++++ Source data

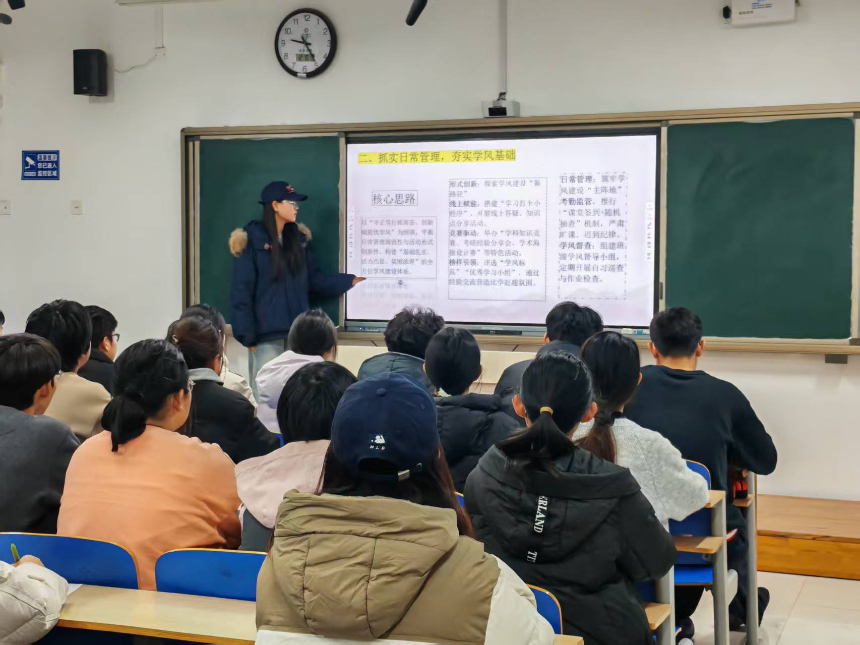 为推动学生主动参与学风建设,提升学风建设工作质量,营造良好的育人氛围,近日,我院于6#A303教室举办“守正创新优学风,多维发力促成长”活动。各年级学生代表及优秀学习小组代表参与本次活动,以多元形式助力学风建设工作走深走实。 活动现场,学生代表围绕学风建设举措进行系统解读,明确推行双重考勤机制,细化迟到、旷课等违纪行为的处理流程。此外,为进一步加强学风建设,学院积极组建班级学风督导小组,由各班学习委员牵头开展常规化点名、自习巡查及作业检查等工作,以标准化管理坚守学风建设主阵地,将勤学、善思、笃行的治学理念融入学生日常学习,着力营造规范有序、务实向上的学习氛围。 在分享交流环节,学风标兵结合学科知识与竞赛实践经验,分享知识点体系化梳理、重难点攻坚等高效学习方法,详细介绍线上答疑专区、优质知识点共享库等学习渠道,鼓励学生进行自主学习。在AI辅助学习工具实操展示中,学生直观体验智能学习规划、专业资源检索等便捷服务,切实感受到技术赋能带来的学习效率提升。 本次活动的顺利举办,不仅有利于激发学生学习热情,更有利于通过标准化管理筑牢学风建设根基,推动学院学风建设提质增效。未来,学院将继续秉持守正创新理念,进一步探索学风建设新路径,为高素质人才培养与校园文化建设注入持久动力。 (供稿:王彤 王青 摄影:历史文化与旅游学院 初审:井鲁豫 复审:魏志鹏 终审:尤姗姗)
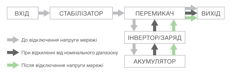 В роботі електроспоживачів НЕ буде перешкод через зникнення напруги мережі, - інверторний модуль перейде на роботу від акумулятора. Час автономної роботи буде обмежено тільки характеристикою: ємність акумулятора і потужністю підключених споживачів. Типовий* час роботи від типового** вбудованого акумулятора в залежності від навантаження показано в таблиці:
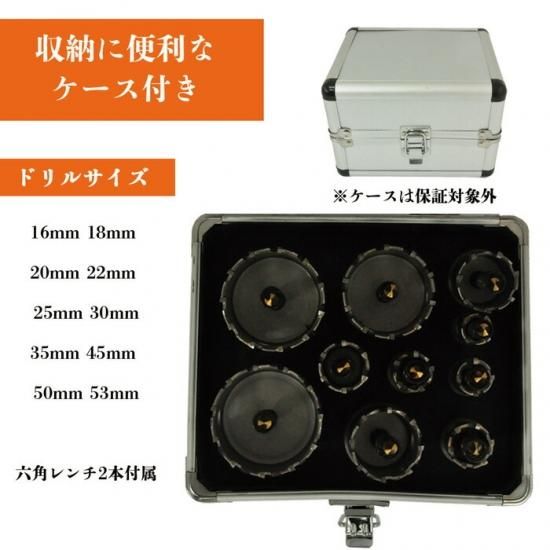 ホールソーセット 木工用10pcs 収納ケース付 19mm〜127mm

++++++++

- Work required -
Every line above must be printed again exactly, pictures excluded.

- Answer section -
 为推动学生主动参与学风建设,提升学风建设工作质量,营造良好的育人氛围,近日,我院于6#A303教室举办“守正创新优学风,多维发力促成长”活动。各年级学生代表及优秀学习小组代表参与本次活动,以多元形式助力学风建设工作走深走实。 活动现场,学生代表围绕学风建设举措进行系统解读,明确推行双重考勤机制,细化迟到、旷课等违纪行为的处理流程。此外,为进一步加强学风建设,学院积极组建班级学风督导小组,由各班学习委员牵头开展常规化点名、自习巡查及作业检查等工作,以标准化管理坚守学风建设主阵地,将勤学、善思、笃行的治学理念融入学生日常学习,着力营造规范有序、务实向上的学习氛围。 在分享交流环节,学风标兵结合学科知识与竞赛实践经验,分享知识点体系化梳理、重难点攻坚等高效学习方法,详细介绍线上答疑专区、优质知识点共享库等学习渠道,鼓励学生进行自主学习。在AI辅助学习工具实操展示中,学生直观体验智能学习规划、专业资源检索等便捷服务,切实感受到技术赋能带来的学习效率提升。 本次活动的顺利举办,不仅有利于激发学生学习热情,更有利于通过标准化管理筑牢学风建设根基,推动学院学风建设提质增效。未来,学院将继续秉持守正创新理念,进一步探索学风建设新路径,为高素质人才培养与校园文化建设注入持久动力。 (供稿:王彤 王青 摄影:历史文化与旅游学院 初审:井鲁豫 复审:魏志鹏 终审:尤姗姗)
 В роботі електроспоживачів НЕ буде перешкод через зникнення напруги мережі, - інверторний модуль перейде на роботу від акумулятора. Час автономної роботи буде обмежено тільки характеристикою: ємність акумулятора і потужністю підключених споживачів. Типовий* час роботи від типового** вбудованого акумулятора в залежності від навантаження показано в таблиці:
 ホールソーセット 木工用10pcs 収納ケース付 19mm〜127mm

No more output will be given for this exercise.